Signed right shift operator on negative operands

Question

I'm reading Java spec. and here is written:

The value of n >> s is n right-shifted s bit positions with sign-extension. The resulting value is floor(n / 2s). For non-negative values of n, this is equivalent to truncating integer division, as computed by the integer division operator /, by two to the power s.

So if I have the following:

27 >> 3 // 00011011 >> 3 = 00000011 = 3 = 27/8

the result is 3; in fact 27/8 = 3.375 and thus 3 is that value truncated.

But the spec say nothing when left operand is negative.

So if I have the following:

-50 >> 2 // 11001110 >> 2 = 11110011 = -13 != -50/4

the result is -13; but -50/4 = -12.5 and thus -13 is not that value truncated.

So what's the rounding system Java use when the left operand is a negative value?

Maybe ceil(n / 2s)?

Answer 1

The resulting value is floor(n / 2s).

Floor means round down: round towards negative infinity.

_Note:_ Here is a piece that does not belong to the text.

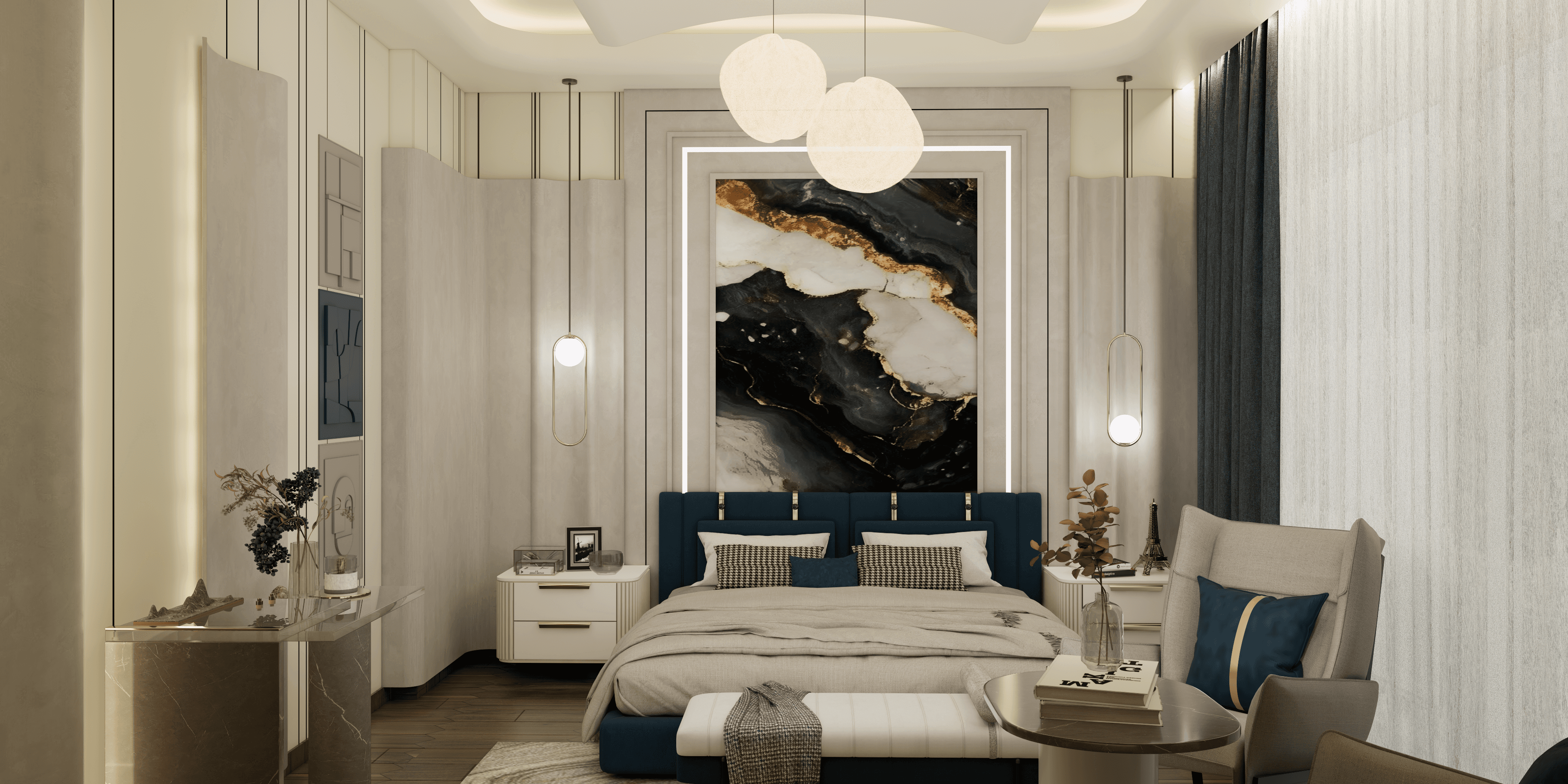 C-21 Mohali is a private residence located in the serene yet evolving cityscape of Mohali, Punjab. The client approached us with a clear vision—interiors that exude contemporary luxury while remaining warm, functional, and deeply personal. They desired a home that reflected global aesthetics, modern comfort, and an effortlessly refined sense of grandeur. Our approach began with establishing a design language that blended sleek minimalism with rich detailing. We curated a neutral base palette—creamy beiges, dove greys, and soft taupes—layered with accents of smoked glass, brushed gold, walnut wood, and Italian marble. The idea was to let materials speak for themselves, giving the space a natural, luxurious rhythm. Each room was treated with its own identity while maintaining a cohesive tone throughout the house. Living areas were designed with open layouts, statement lighting, and plush furniture in textured velvets and suedes. Art pieces and sculptural decor added elegance without overwhelming the simplicity of the design. The master suite was crafted as a calm retreat—featuring a walk-in wardrobe, full-height upholstered headboards, and mood lighting that transitions from day to night. Bathrooms carried a spa-like sophistication with marble cladding, soft ambient lighting, and sleek fixtures. Storage solutions were custom-designed to be both aesthetic and efficient—flush with the architecture, finished in high-gloss laminates, and subtly detailed with metal trims. Contemporary luxury, for us, was about restraint, precision, and attention to detail. Throughout the process, we worked closely with the client, refining every texture, fixture, and finish until it resonated with their taste and lifestyle. The result is a home that feels elevated yet intimate—a modern-day sanctuary where luxury doesn’t shout, but whispers through craftsmanship, composition, and comfort. C-21 Mohali is now a timeless reflection of elegant living in the heart of Mohali.
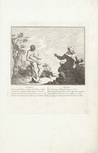Curator: Here we have "Piro helpt Arlequin bij het overgeven," which translates to "Piro helps Harlequin to vomit." This engraving dates to between 1720 and 1728. It’s quite a scene, wouldn’t you agree? Editor: Absolutely—a striking composition. The starkness of the engraving medium heightens the visceral and rather unpleasant moment depicted, while the dynamic interplay between the two figures holds one's gaze. Curator: Tell me more about that dynamic. What do you see? Editor: Well, Harlequin, the main figure, is obviously in distress, leaning forward, being supported—or perhaps restrained—by Piro. Piro’s role seems ambiguous, caught between aid and control. I wonder about the intent behind this scene. What symbols might inform its narrative? Curator: I am particularly drawn to the archetypal symbolism of Harlequin, who carries centuries of baggage. Rooted in the Commedia dell'arte tradition, Harlequin, with his checkered costume, is traditionally the cunning servant. Here, however, he is vulnerable. His sickness presents an inversion, perhaps critiquing established social roles and hierarchies. Editor: I concur. Piro, less recognizable to the contemporary eye, then becomes even more intriguing in relation to this ailing Harlequin. Is there perhaps commentary on compassion or betrayal buried here? Does Piro, by aiding in this…unpleasantness…facilitate a cleansing or further corruption? Curator: The composition seems deliberately staged, drawing our attention not only to action, but the stylized poses of each figure. They exist in a curated space, against what seems to be deliberately constructed rolling landscape with somewhat formulaic clouds—further emphasizing a contrived or symbolic narrative, or allegory of some kind. Editor: It seems this work transcends the boundaries of mere genre painting and strives for layered and metaphorical interpretations of society and its inhabitants. Curator: Precisely, its success derives from this inherent ambiguity. There are no easy answers, leading to continued reflection. Editor: Yes, indeed—the beauty lies not only in technique but its provocation. Thank you for your insightful observations.

This is not the same as truncation, i.e. removing the fractional part. Truncation would cause positive numbers to round down and negative numbers to round up.

The floor of -12.5 is -13.

Demo.

Answer 2

Generally speaking Java does not use a rounding system at all, it just shifts some bits. If you need floor or ceil then use floor or ceil and use bit-shift operators when you need them.